--- Records for the exercise Enclosed Below ---

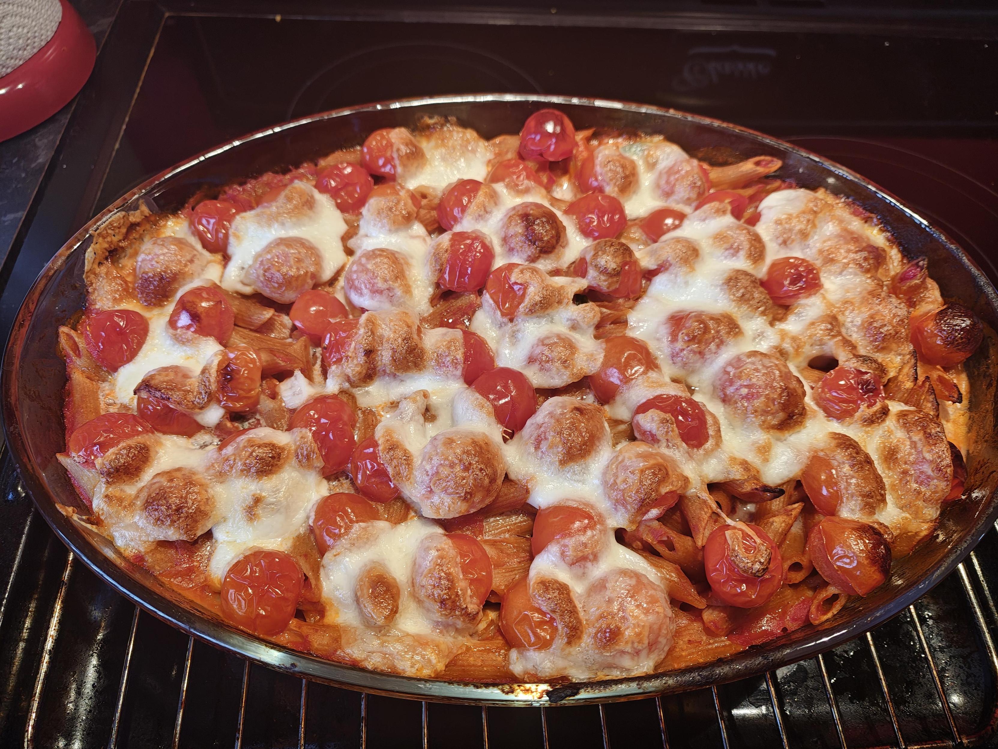 I figured it was the easiest to start with. Basically, everything just goes into the casserole dish, gets baked, cheese gets added on top, and baked a little more. And it tasted amazing. What we had made 4 servings, so we got 2 meals out of it too.
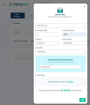 Getting paid early is now as simple as uploading an invoice onto Fifopay and selecting a payment date.
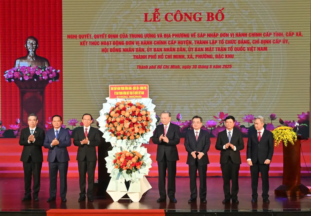 Ngày 30-6, Thành ủy - HĐND - UBND - Ủy ban MTTQ Việt Nam TPHCM tổ chức Lễ công bố các Nghị quyết, Quyết định của Trung ương và địa phương về sáp nhập đơn vị hành chính cấp tỉnh, cấp xã, kết thúc hoạt động đơn vị hành chính cấp huyện, thành lập tổ chức Đảng, chỉ định cấp ủy, HĐND, UBND, Ủy ban MTTQ Việt Nam TPHCM, xã, phường, đặc khu.
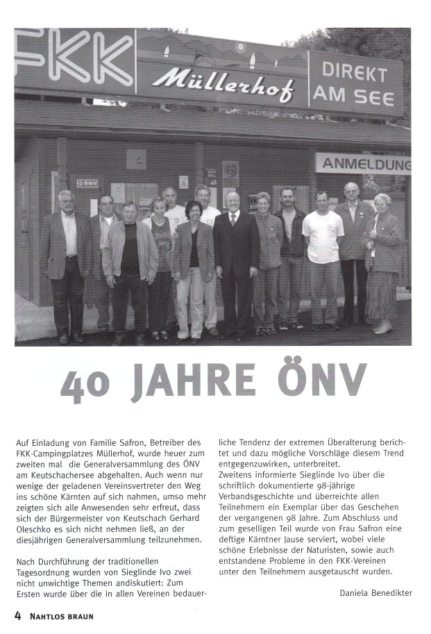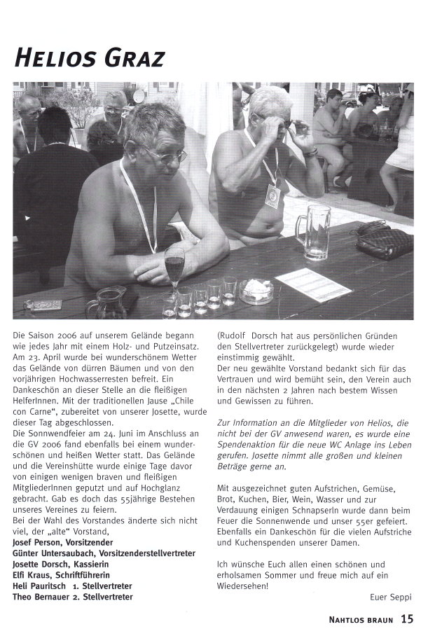 NAHTLOS BRAUNInformationen für NaturistenOffizielles Organ des Österreichischen Naturistenverbandes (ÖNV) Ausgabe 203 Nr. 3 • Herbst 2006 |
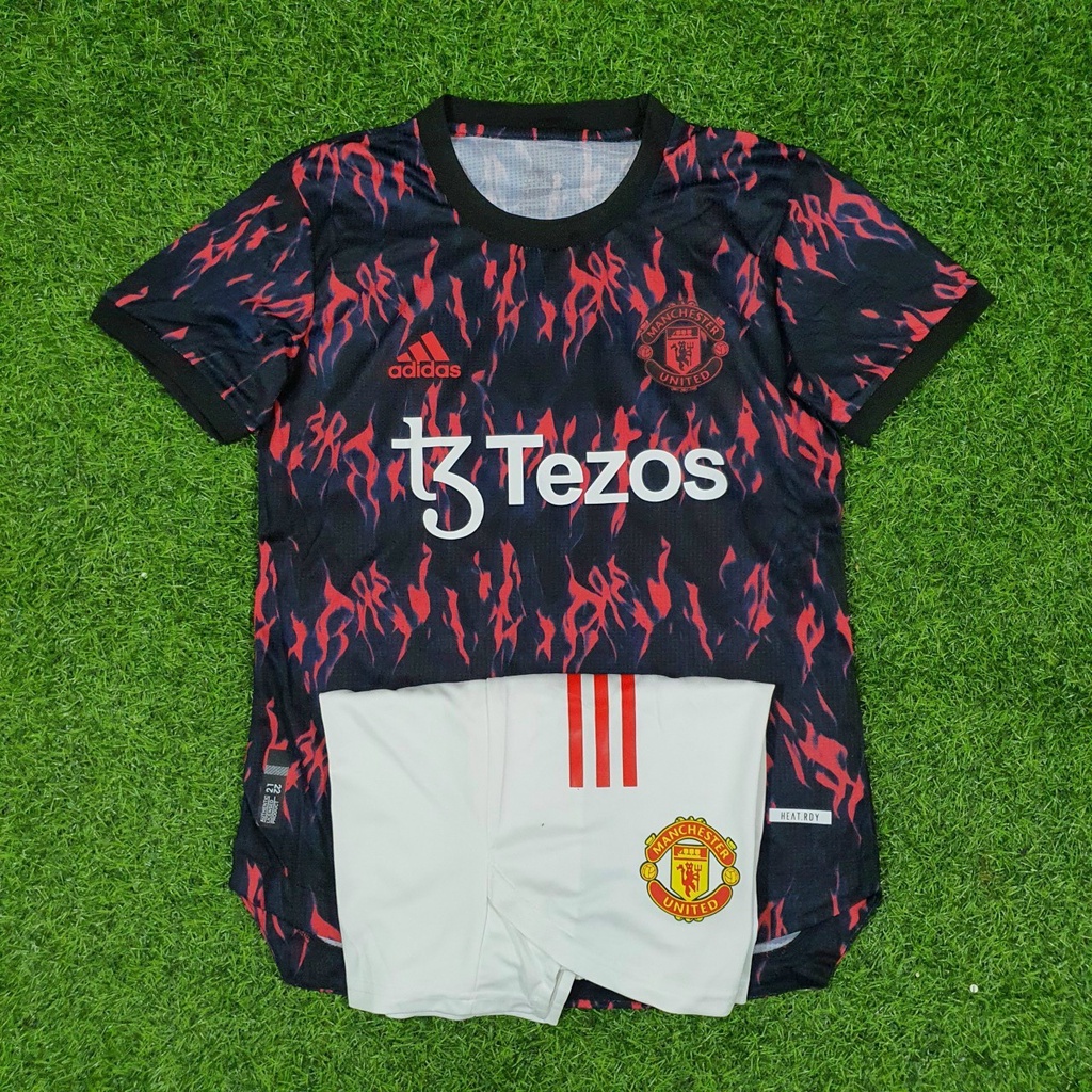 Bộ quần áo clb bóng đá clb MU Manutd Vằn Đen Đỏ T3 Tezos Quần Sẻ Tà Mới 2022

--- End of Enclosed Records for the exercise ---

Exercise objective | The copy must include every record exactly and none of the pictures.

Exercise solution |
 I figured it was the easiest to start with. Basically, everything just goes into the casserole dish, gets baked, cheese gets added on top, and baked a little more. And it tasted amazing. What we had made 4 servings, so we got 2 meals out of it too.
 Getting paid early is now as simple as uploading an invoice onto Fifopay and selecting a payment date.
 Ngày 30-6, Thành ủy - HĐND - UBND - Ủy ban MTTQ Việt Nam TPHCM tổ chức Lễ công bố các Nghị quyết, Quyết định của Trung ương và địa phương về sáp nhập đơn vị hành chính cấp tỉnh, cấp xã, kết thúc hoạt động đơn vị hành chính cấp huyện, thành lập tổ chức Đảng, chỉ định cấp ủy, HĐND, UBND, Ủy ban MTTQ Việt Nam TPHCM, xã, phường, đặc khu.
 NAHTLOS BRAUNInformationen für NaturistenOffizielles Organ des Österreichischen Naturistenverbandes (ÖNV) Ausgabe 203 Nr. 3 • Herbst 2006 |
 Bộ quần áo clb bóng đá clb MU Manutd Vằn Đen Đỏ T3 Tezos Quần Sẻ Tà Mới 2022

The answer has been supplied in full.